I apologize for not doing so. I’ll work to do better in the future.

While I believe the Raddatz-ABC story has a definite pro-Obama tilt – something I let Raddatz know during our email exchanges – I no longer plan to post concerning it.

That’s because what I most needed to do was explain and correct my error which I began doing yesterday with the update of Our "unbiased" MSM in action (Update - contains error) and have sought to do here.

If I posted at this time something about “on the other hand, what Martha Raddatz and ABC did in terms of Obama …,” it would muddy the clear explanation and unequivocal apology I want to provide.

I’d wind up sounding like the boy who said: “Ma’am, I’m so sorry I stole your cookies that weren’t very good.”

I’m copying this to Raddatz today.

Tomorrow I’ll send an apology note to her and ABC News which I’ll post here.

From past experience I know I can rely on the understanding and decency of almost all of you.

For that, you have my thanks.

John

That New Yorker cover

First, an excerpt from Newsweek's Eleanor Clift's most recent column. Then my comments below the star line.

Clift begins - - -

When Democratic strategist Mark Siegel first saw this week's New Yorker cover with Barack Obama in Muslim garb and wife, Michelle, with a huge afro looking like '60s Black Panther activist Angela Davis, he could imagine a million of the satirical images distributed on flyers around the country.

This would not be good for a presidential candidate just now introducing himself to a whole new set of voters who didn't participate in the Democratic primaries, and who have heard little about him beyond the Rev. Jeremiah Wright.

It's not The New Yorker's job to elect Obama. Still, what were they thinking? The cartoon cover image pictures the Obamas in the Oval Office with a framed portrait of Osama bin Laden over the mantel and an American flag burning in the fireplace.

If these same depictions appeared on a white supremacist site, the FBI and the Secret Service would monitor the purveyors.

If a conservative magazine like The National Review or The Weekly Standard put these images on their cover, we'd all be outraged, and rightfully so.

The New Yorker expects all of us sophisticates to understand they're poking fun at the politics of fear. A banner headline across the cover saying just that might have lent some clarity to the exercise. Without it, even people familiar with The New Yorker's satirical sensibility were offended.

One reader shared with me this e-mail that she fired off to
themail@newyorker.com. "Your embarrassing attempt at satire is disgraceful in this climate of fear and ignorance. There is no journalistic freedom to justify this cartoon that could have easily been generated by the merchants of hate and fear and will certainly be used by them to justify their own moronic diatribes against this most American family.
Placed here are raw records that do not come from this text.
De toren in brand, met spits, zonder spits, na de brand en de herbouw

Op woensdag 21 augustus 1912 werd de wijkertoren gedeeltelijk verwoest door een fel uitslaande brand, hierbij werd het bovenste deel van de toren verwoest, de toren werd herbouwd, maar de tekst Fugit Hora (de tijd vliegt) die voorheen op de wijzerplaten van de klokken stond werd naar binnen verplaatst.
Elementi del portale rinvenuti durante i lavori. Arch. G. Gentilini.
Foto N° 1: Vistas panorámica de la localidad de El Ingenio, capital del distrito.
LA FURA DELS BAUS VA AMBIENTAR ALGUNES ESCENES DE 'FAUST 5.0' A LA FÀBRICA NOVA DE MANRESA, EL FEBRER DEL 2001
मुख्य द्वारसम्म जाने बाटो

Shame on you New Yorker for this blatant attention grabbing exercise!"

The rest of Clift's column's here.

*************************************************************

Comments:

Where has Clift been this past week? There's been a great deal of outrage expressed by many people and organizations. Sen. McCain has spoken out. So have many Independents and Republicans.
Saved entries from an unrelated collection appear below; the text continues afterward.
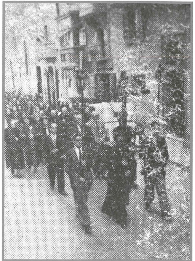
Il-pellegrinaġġ li sar mill-Parroċċa ta' Stella Maris għas-Santwarju.

It-territorju ta' Tas-Sliema inqata' mill-parroċċa ta' Birkirkara f'Diċembru 1878 u sar parroċċa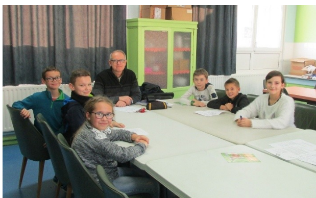
Le conseil des délégués de cycle 3

3- Réunion des délégués de classe (cycle 3 puis cycle 2) pour synthétiser les propositions et les demandes.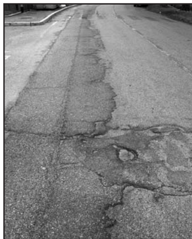
Un tratto della strada davanti al Ritrovo Giovanile di S. Giustina.

Un tratto di strada dove le macchine sfrecciano a velocità sostenuta ed una raccolta di firme aveva sollecitato l'Am-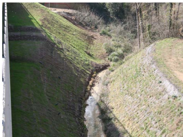
Vista general dues setmanes després de la finalització dels treballs del marge dret.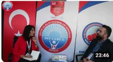
Konuk; Sevdâ Ketenci / Okul Öncesi Alan Sorunları - Son Örgütlenme... 227 görüntüleme • 2 yıl önce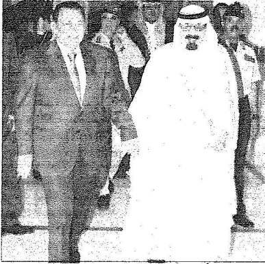
الملك مصاحباً لإخاه الرئيس حسني مبارك

خادم الحرمين به وبمراقبته في الحملة. كما كان في استقبال فخامته في مطار الملك عبدالعزيز الدولي صاحب السمو الملكي الأمير خالد الفيصل بن عبدالعزيز أمير منطقة مكة المكرمة، ومعالي أمين محافظة جدة المهندس عادل فقيه، ومعالي رئيس المراسم الملكية الأستاذ محمد بن عبدالرحمن الطيبشي، وسفير مصر لدى المملكة محمد عبدالحميد قاسم.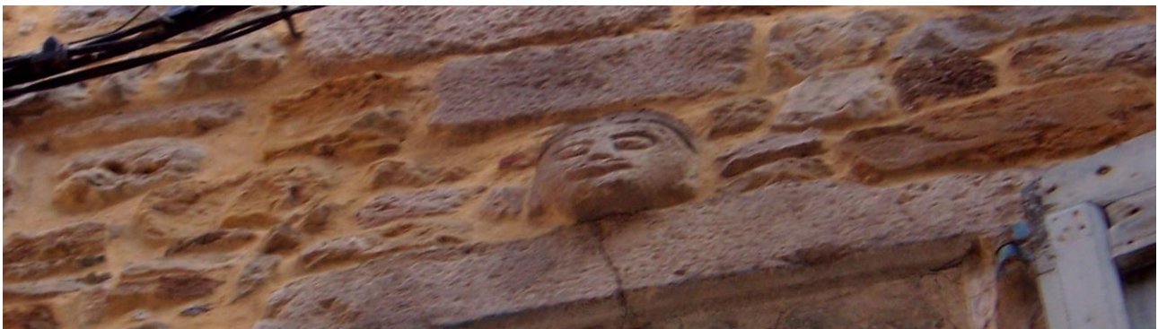
Vu aux Vans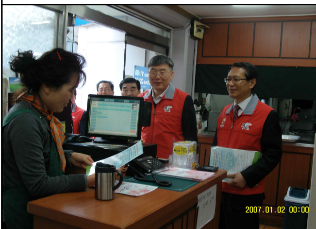
『필동』 쓰레기 감량 실천단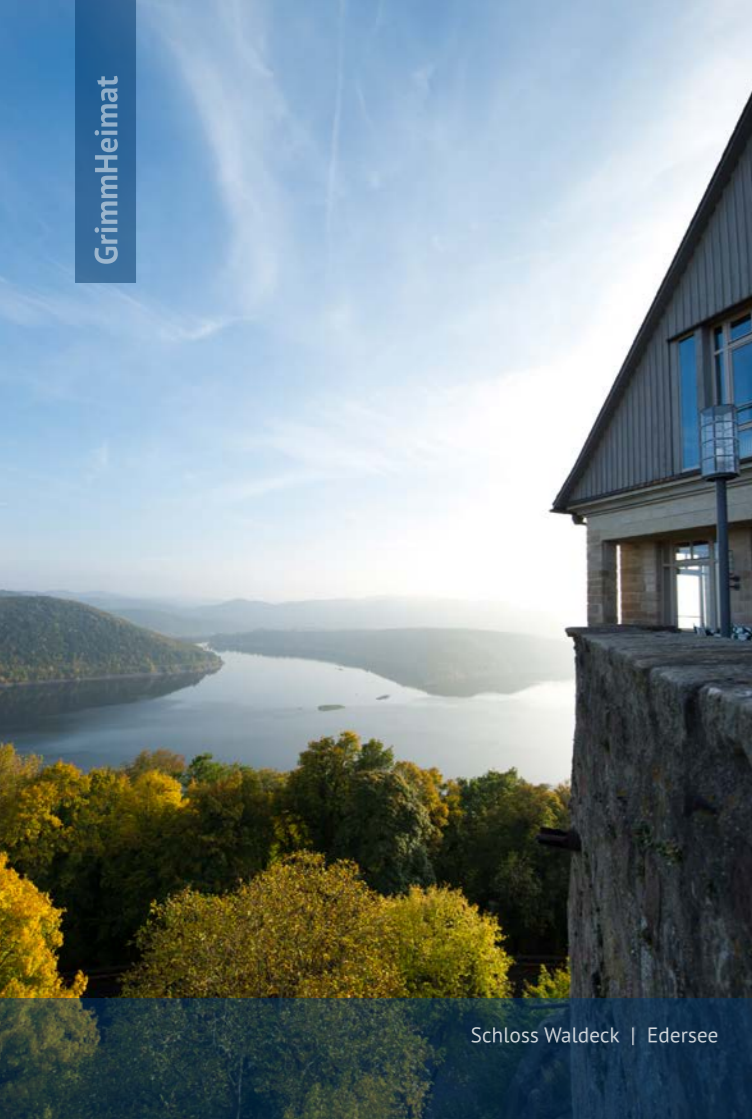
Schloss Waldeck | Edersee

...und unsere Heimat ist NordHessen. Für viele jetzt noch bekannter durch die Bezeichnung „GrimmHeimat“ nach den Brüdern Grimm, die mit ihren Geschichten und Abenteuern noch heute Menschen jeden Alters verzaubern, beglücken und inspirieren. In dieser Heimat leben und arbeiten wir und fühlen uns wohl.

And the Dems and their MSM allies have been in loud cry.

The outrage has been so intense the New Yorker editor's been doing more explaining and apologizing than Jesse Jackson.

What Clift and others outraged by the New Yorker cover need to explain is where's their outrage has been all these years cartoonists have caricturtured President Bush as Hitler?
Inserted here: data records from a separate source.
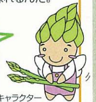
アスパラリンのイメージキャラクター「りんちゃん」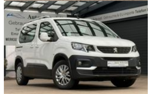
Auto Schrödl Pollenried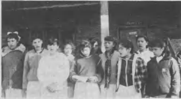
Coro de la Escuela Adventista de Puerto Iguazú en una presentación durante el acto del 11 de julio.

Del 25 al 27 de julio, organizado por la Cámara de Diputados de la Provincia de Tucumán, se realizó el I Congreso Interparlamentario sobre Drogadicción en el territorio de la Misión Adventista del Noroeste.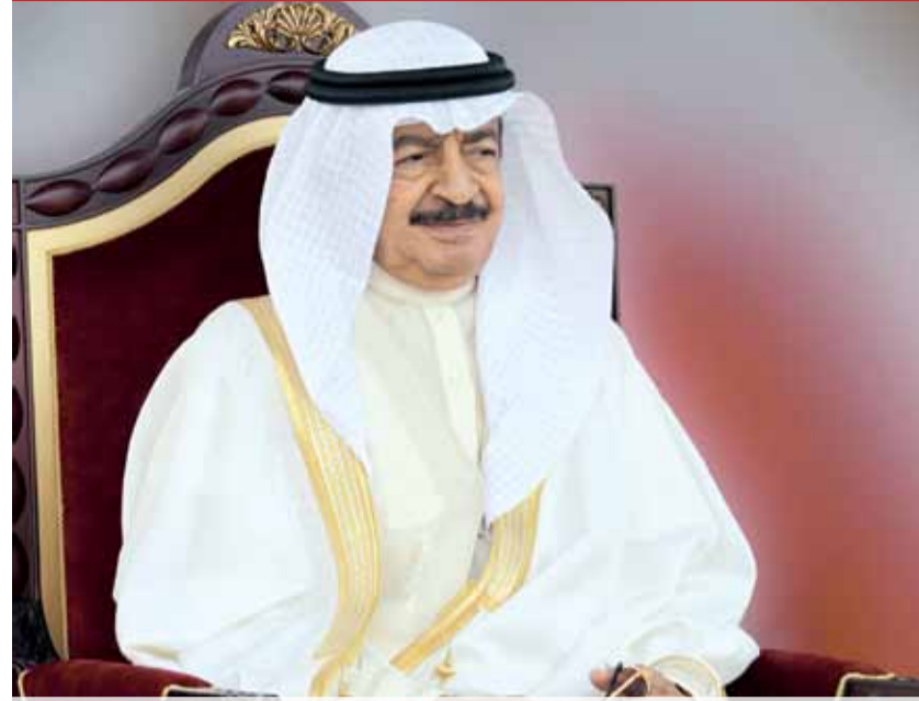
قصيدة مهداة إلى مقام رئيس الوزراء صاحب السمو الملكي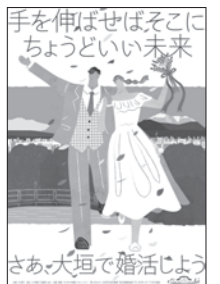
手を伸ばせばそこに ちょうどいい未来 さあ、大垣で婚活しよう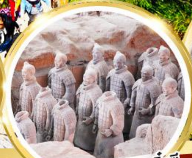
กองทัพทหารดินเผาจีนซี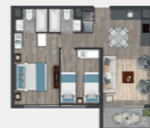
Departamento tipo C1.3

Sup. int. 59,29 m 2 Terraza: 7,5 m 2 Sup. total: 59,29 m 2 Sup. total DDU: 55,54 m 2

Farenheit 911, Michaal Moore's libel claiming President Bush knew of the impending 911 attacks and did nothing to stop them, didn't provoke any outrage from most liberals and Democrats.

In fact, Moore was seated at the Dems' 2004 national convention in something called "The Honor Box."

When a California Democratic Member of Congress recently said on the House floor that President Bush liked to see soldiers in Iraq get "their heads blown off," I don't recall hearing any outrage from Clift and others among the Dems' MSM media flacks.

We all know what their reation would be if a GOP House Member said their President-presumptive Barack Obama liked to see our troops get "their heads blown off. "

Clift's column is one more example of the double standard that's done so much in recent years to hurt our country.